Using the current pip install ray[debug] and ray[rllib], here is my minimum reproducible example #1 using dictionary observations.

This fails with the following error:
RuntimeError: Expected hidden[0] size (1, 1, 256), got [1, 32, 256]

import sys
import numpy as np
import gym
from gym import spaces
from ray.rllib.models import ModelCatalog
from ray.tune.registry import register_env
from ray import tune
from ray.rllib.models.modelv2 import restore_original_dimensions
from ray.rllib.models.modelv2 import ModelV2
from ray.rllib.models.preprocessors import get_preprocessor
from ray.rllib.models.tf.recurrent_net import RecurrentNetwork
from ray.rllib.models.torch.recurrent_net import RecurrentNetwork as TorchRNN
from ray.rllib.utils.annotations import override
from ray.rllib.utils.framework import try_import_torch
torch, nn = try_import_torch()

class TestingGym(gym.Env):
    metadata = {'render.modes': ['human']}
    def __init__(self, timesteps=5):
        self.timesteps = timesteps
        super(TestingGym, self).__init__()
        self.reward_range = (-1000, 1000)
        self.action_space = spaces.Box( low=np.array([0, 0]), high=np.array([4, 1]) )
        self.done_counter = 0
        self.input_1_shape = (16,)
        self.input_2_shape = (16,)

        self.observation_space = spaces.Dict(
            dict(
              input_1=spaces.Box(low=-np.inf, high=np.inf, shape=self.input_1_shape, dtype=np.float32),
              input_2=spaces.Box(low=-np.inf, high=np.inf, shape=self.input_2_shape, dtype=np.float32)
            )
        )
    def get_observation(self):
        curr_obs = dict( input_1 = np.random.random( self.input_1_shape ),
                                  input_2 = np.random.random( self.input_2_shape )   )
        return curr_obs

    def step(self, action):
        self.done_counter += 1
        if self.done_counter > 1000:
            done = True
        else:
            done = False
        return self.get_observation(), 1, done, {}

    def reset(self):
        self.done_counter = 0
        return self.get_observation()


def env_creator(env_config):
    env = TestingGym()
    return env

class TorchRNNModel(TorchRNN, nn.Module):
    def __init__(self,
                 obs_space,
                 action_space,
                 num_outputs,
                 model_config,
                 name,
                 fc_size=32,
                 lstm_state_size=256):
        nn.Module.__init__(self)
        super().__init__(obs_space, action_space, num_outputs, model_config,
                         name)
        self.obs_space = obs_space
        self.obs_size = get_preprocessor(obs_space)(obs_space).size
        self.fc_size = fc_size
        self.lstm_state_size = lstm_state_size

        self.input_1_fc = nn.Linear(16, 16)
        self.input_2_fc = nn.Linear(16, 16)
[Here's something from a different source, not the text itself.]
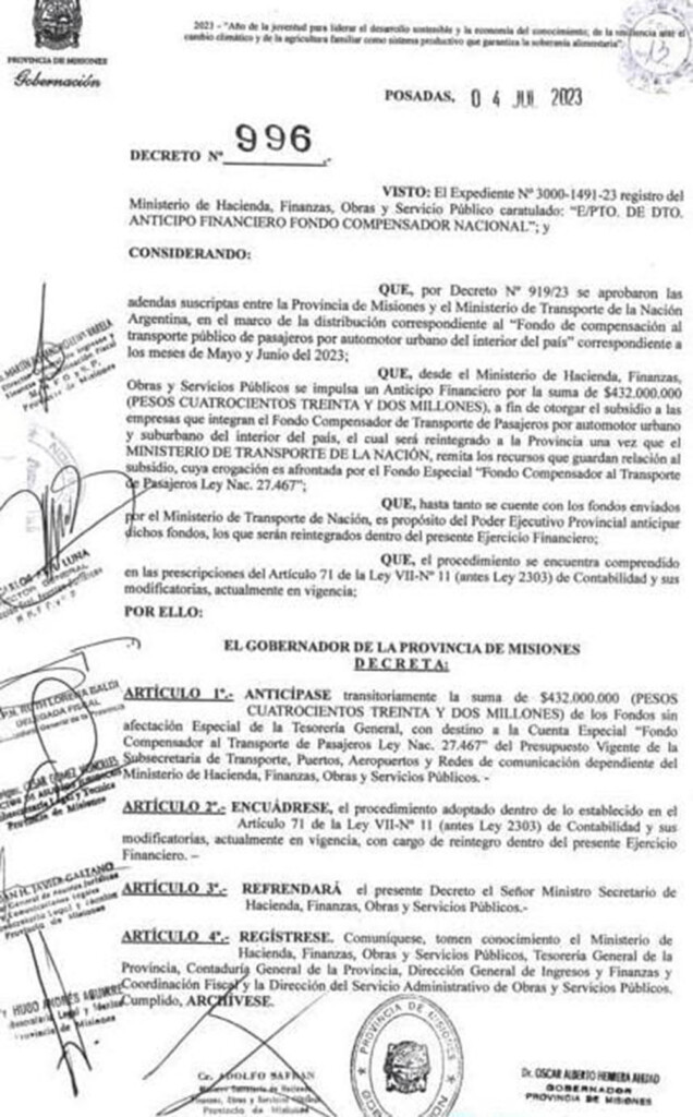 PRIMERA EDICIÓN accedió al decreto 996 de la Gobernación misionera, fechado el 4 de julio pasado, donde se decidió anticipar el pago de 432 millones de pesos del fondo compensador de transporte de pasajeros automotor urbano al Grupo Z.

        self.fc1 = nn.Linear(32, self.fc_size)
        self.lstm = nn.LSTM( self.fc_size, self.lstm_state_size, batch_first=True)
        self.action_branch = nn.Linear(self.lstm_state_size, num_outputs)
        self.value_branch = nn.Linear(self.lstm_state_size, 1)
        self._features = None

    @override(ModelV2)
    def get_initial_state(self):
        h = [
            self.fc1.weight.new(1, self.lstm_state_size).zero_().squeeze(0),
            self.fc1.weight.new(1, self.lstm_state_size).zero_().squeeze(0)
        ]
        return h
    @override(ModelV2)
    def value_function(self):
        assert self._features is not None, "must call forward() first"
        return torch.reshape(self.value_branch(self._features), [-1])

    @override(TorchRNN)
    def forward_rnn(self, inputs, state, seq_lens):
        original_obs = restore_original_dimensions(
            torch.squeeze(inputs,1) , self.obs_space, "torch")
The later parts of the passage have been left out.